### [Exercise]
Reproduce each line of the following material exactly, omitting the images.

Listed records Start Marker

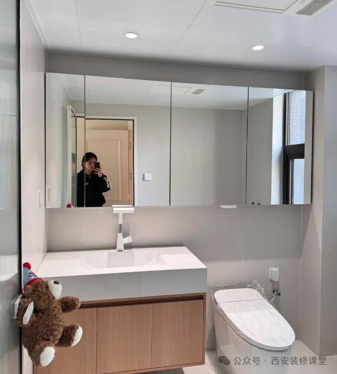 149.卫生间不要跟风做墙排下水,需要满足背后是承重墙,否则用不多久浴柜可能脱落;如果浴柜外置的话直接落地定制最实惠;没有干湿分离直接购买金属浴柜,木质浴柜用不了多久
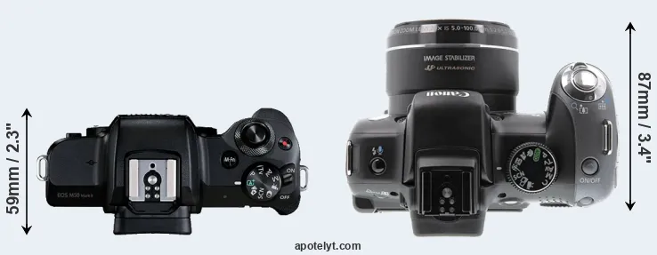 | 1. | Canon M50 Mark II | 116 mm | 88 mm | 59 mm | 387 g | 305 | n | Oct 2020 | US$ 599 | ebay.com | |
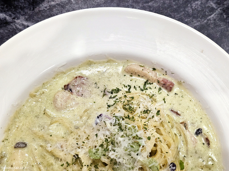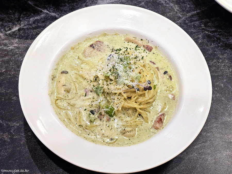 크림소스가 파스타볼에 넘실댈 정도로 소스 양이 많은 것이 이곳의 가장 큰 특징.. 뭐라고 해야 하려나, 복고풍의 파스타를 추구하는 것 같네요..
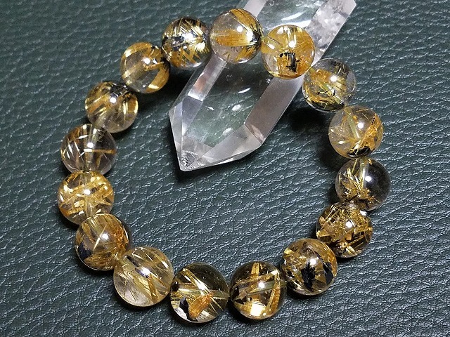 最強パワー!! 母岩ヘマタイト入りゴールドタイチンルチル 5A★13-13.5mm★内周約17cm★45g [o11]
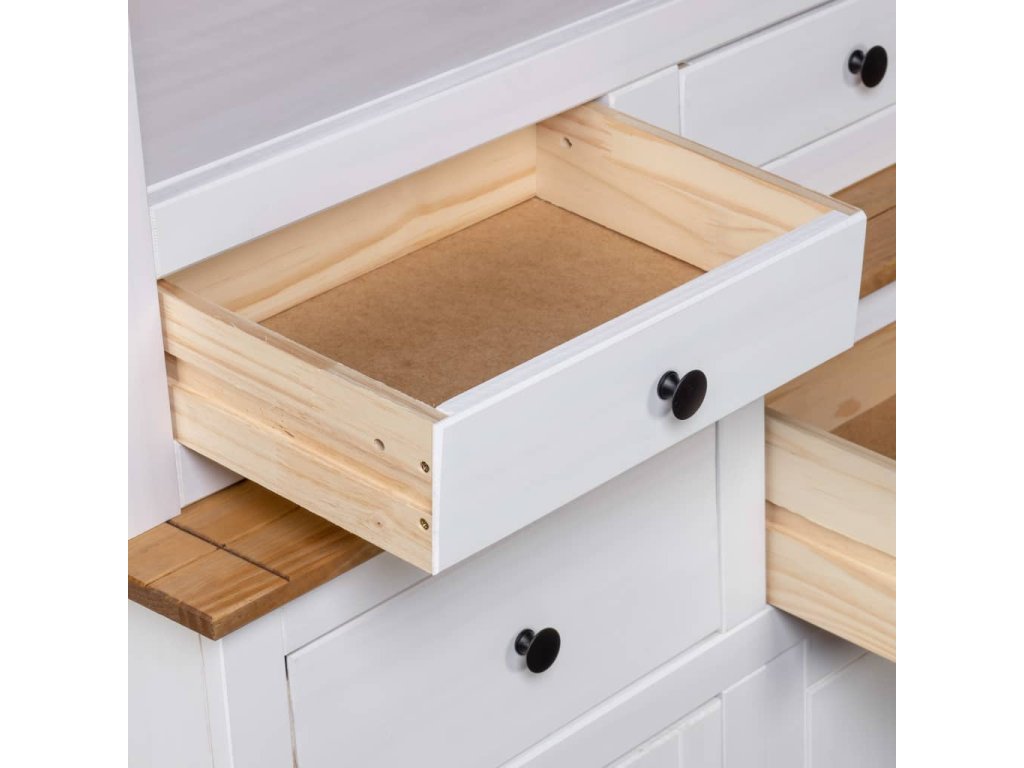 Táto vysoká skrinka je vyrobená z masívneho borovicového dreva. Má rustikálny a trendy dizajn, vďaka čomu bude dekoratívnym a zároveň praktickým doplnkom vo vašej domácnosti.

Listed records End Marker

### [Answer to the exercise]
 149.卫生间不要跟风做墙排下水,需要满足背后是承重墙,否则用不多久浴柜可能脱落;如果浴柜外置的话直接落地定制最实惠;没有干湿分离直接购买金属浴柜,木质浴柜用不了多久
 | 1. | Canon M50 Mark II | 116 mm | 88 mm | 59 mm | 387 g | 305 | n | Oct 2020 | US$ 599 | ebay.com | |
 크림소스가 파스타볼에 넘실댈 정도로 소스 양이 많은 것이 이곳의 가장 큰 특징.. 뭐라고 해야 하려나, 복고풍의 파스타를 추구하는 것 같네요..
 最強パワー!! 母岩ヘマタイト入りゴールドタイチンルチル 5A★13-13.5mm★内周約17cm★45g [o11]
 Táto vysoká skrinka je vyrobená z masívneho borovicového dreva. Má rustikálny a trendy dizajn, vďaka čomu bude dekoratívnym a zároveň praktickým doplnkom vo vašej domácnosti.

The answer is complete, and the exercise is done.